Check this link out. It has been done. Looks pretty funky, no space between the two duckies. This dude used a row machine as seat mount, I guess so it would slide back and forth for some reason. It would be my guess that that dude was probably on some mind altering drugs as well when he came up with that shit. I don't think it would haul to much, besides you and your stash.

inflatable kayaks made into a raft

Later,
Dan


----------



## DurangoSteve (Jun 2, 2006)

That was an "interesting link". I think the guy who built that was smoking crack when he dreamed it up. I lean toward green combustibles. My thought is to use a modified cat frame rather than a raft frame. I'll probably have to spend some quality time in the hammock to further "develop" this idea....




DanRauer said:


> DurangoSteve,
> 
> Check this link out. It has been done. Looks pretty funky, no space between the two duckies. This dude used a row machine as seat mount, I guess so it would slide back and forth for some reason. It would be my guess that that dude was probably on some mind altering drugs as well when he came up with that shit. I don't think it would haul to much, besides you and your stash.
> 
> ...


----------



## Chip (Apr 7, 2007)

*Weird cat rigs*

I saw a photo, perhaps on the Jack's Plastic Welding website (<www.jpwinc.com> of a cat rowing frame with Jack's duckies as tubes. But Jack hasn't made duckies for years, so maybe he took it off. They'd have to be self-bailers, and it doesn't strike me as being particularly hydrodynamic: 4 tubes and 2 floors. But on the other hand, you could strap drybags of gear in the duckies, and have a very low center of gravity for the hoo-hahs. 

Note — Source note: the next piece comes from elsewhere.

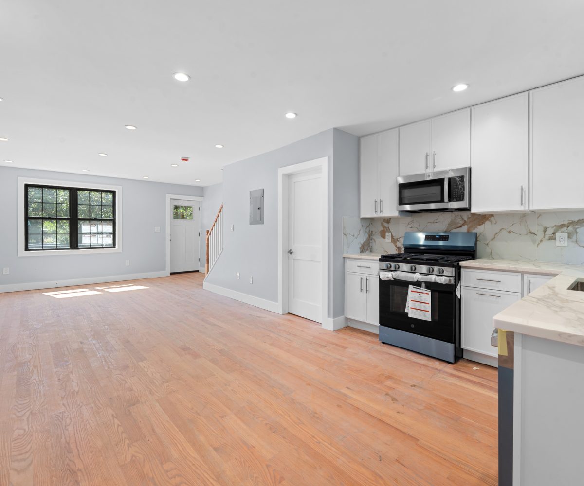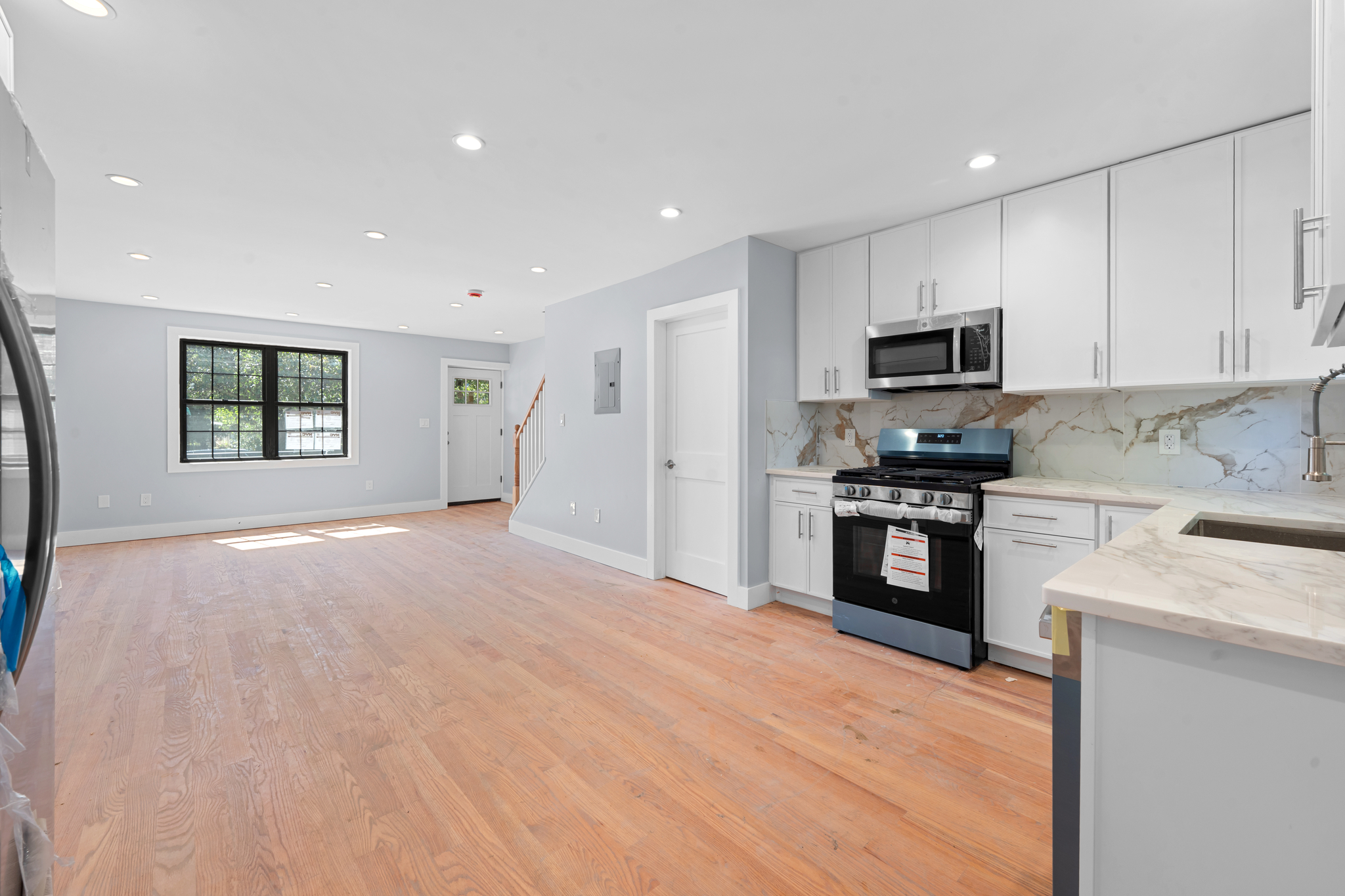 The first floor features an expansive sun drenched modern open concept living/dining area which provides great space for entertaining. The beautiful chefs granite kitchen is equipped with floor to ceiling custom cabinetry, adorned with a full fleet of stainless steel appliances and leads out into lush rear yard.

My first rowing frame rested on the tubes from two Jack's Pack Cats, a single (about 10.5 ft., outboard) and a double (about 13 ft., inboard). Weird-looking thing, but it worked on the Colorado (Dewey Bridge to Moab) at 24,000 or so, with keeper eddies forming along the cliffs on the right. We got sucked in a few times and whirled like mad, without feeling at risk from tips or flips. Pretty wet, as boats go. 

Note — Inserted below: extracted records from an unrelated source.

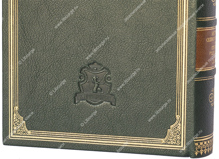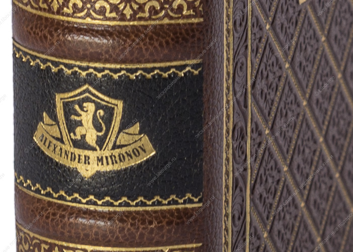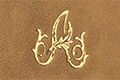 Заглавная буква фамилии владельца книги, золотое тиснение на нубуке
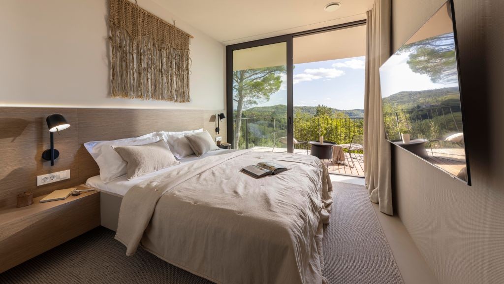 King size bed, En-suite bathroom with stand-alone shower and a rain shower, Television, Air-conditioning, Heating, Soundproof, Black out curtains, Balcony, Forest view
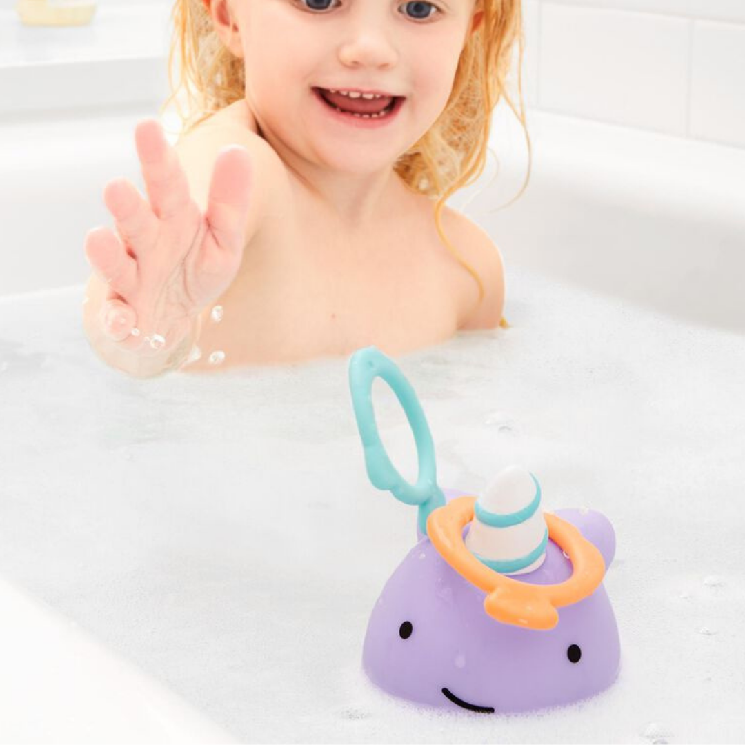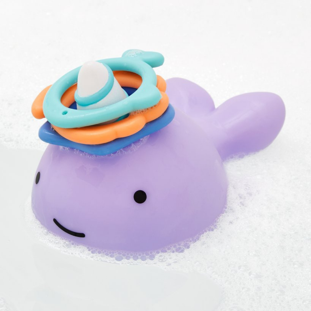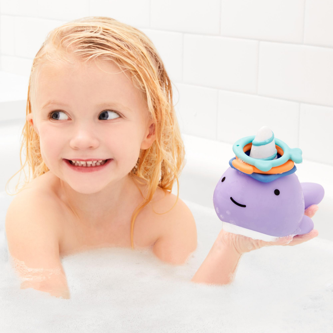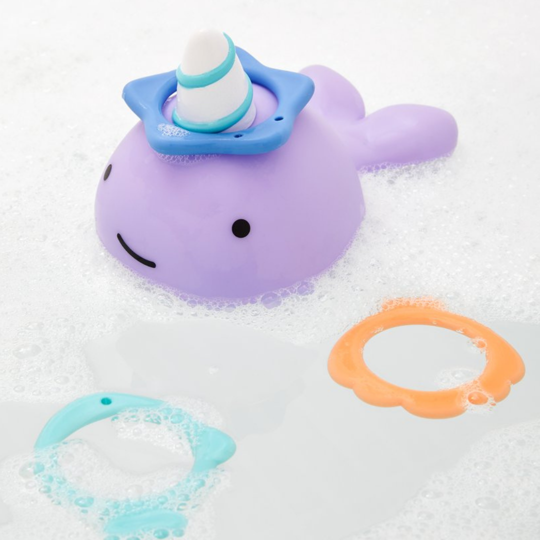 This bath time friend is ready to ring it on! Skip Hop's Narwhal Ring Toss whale is all set for a game of catch with your little one. Just toss the rings onto its lil horn and score a splash of bathtime fun!

Aire used to make double-tube cats that looked like two duckies, but they quit. 

Fun to try things out—

yrs, Chip


----------



## awineke (Apr 28, 2004)

Check out this link: 
http://www.theboatpeople.com/WhatsNew.html

I can see some benefits to the idea, but I think it would be really sluggish.

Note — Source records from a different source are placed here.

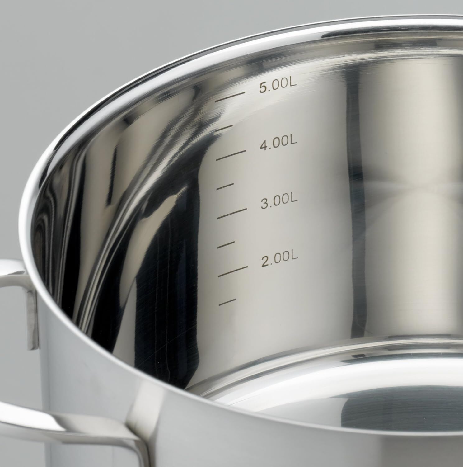 Изготовлен из высококачественной нержавеющей стали 18/8 с отделкой. Специально разработанные боковые ручки идеально вставляются друг в друга Снаружи шелковисто-матовый, внутри глянцево-полированный Энергосберегающее, особо прочное термокапсульное дно Практическая литературная шкала для простого измерения количества жидкости Емкость: 5 литров Материал: нержавеющая сталь Описание покрытия: нержавеющая сталь Тип отделки: нержавеющая сталь Безопасно ли использовать в духовке: Да Подходит для плиты: Да
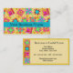 Faites une impression avec ce carte de visite pour votre entreprise de courtepointes, votre magasin ou votre guilde. Coordonner avec un support carte de visite correspondant. Ce carte de visite est décoré dans un bloc de courtepointes basé sur l'art original de Phyllis Dobbs. Le design comprend des blocs de surface patchwork favoris tels qu'un cabine de rondins, un pinwheel, une étoile ainsi que des blocs uniques créés dans des couleurs dynamiques et dynamiques sur un arrière - plan jaune ensoleillé. Les couleurs sont rose fushia, orange, turquoise, jaune, rouge et vert. Entièrement personnalisable pour toutes vos informations commerciales et de contact.
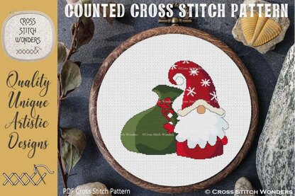 An Adorable Christmas Santa with Gift Sack Gnome counted cross stitch design!\nCross Stitch Pattern designed by Marcia Manning.\nDesign is 120 stitches wide by 110 stitches high.\nPDF is a COLOR counted cross stitch chart which lists suggested DMC floss colors, and includes a color picture.\n\nStitched design size is as follows:\nSize 11 count: 10.91 x 10.00 inches or 27.71 x 25.40 cm\nSize 14 count: 8.57 x 7.86 inches or 21.77 x 19.96 cm\nSize 16 count: 7.50 x 6.88 inches or 19.05 x 17.46 cm\nSize 18 count: 6.67 x 6.11 inches or 16.93 x 15.52 cm\nSize 22 count: 5.45 x 5.00 inches or 13.85 x 12.70 cm
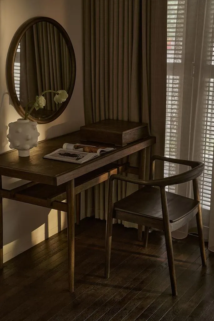 Màu gỗ đậm, ngôn ngữ cửa chớp, những loài cây địa phương như tầm xuân, hồng bạch, hoa nhài và cỏ dại đều là những mong muốn của một gia đình yêu vẻ đẹp truyền thống Việt Nam.

If you actually do it, be sure to tell us how it works.


----------



## robatnordic (Jul 1, 2005)

Been there, done that. We used a couple of SOAR 16' duckies. The frame was from AIRE (for their 12' fishing cat). It had about 2000 lbs capacity, and was incredibly manuverable yet stable. The down side was that everybody got wet in the smallest whitewater. Fun if you wanted it, but soon ran out of willing passengers. When broken down it could fit in my back pack.


----------



## awineke (Apr 28, 2004)

robatnordic said:


> Been there, done that. We used a couple of SOAR 16' duckies. The frame was from AIRE (for their 12' fishing cat). It had about 2000 lbs capacity, and was incredibly manuverable yet stable. The down side was that everybody got wet in the smallest whitewater. Fun if you wanted it, but soon ran out of willing passengers. When broken down it could fit in my back pack.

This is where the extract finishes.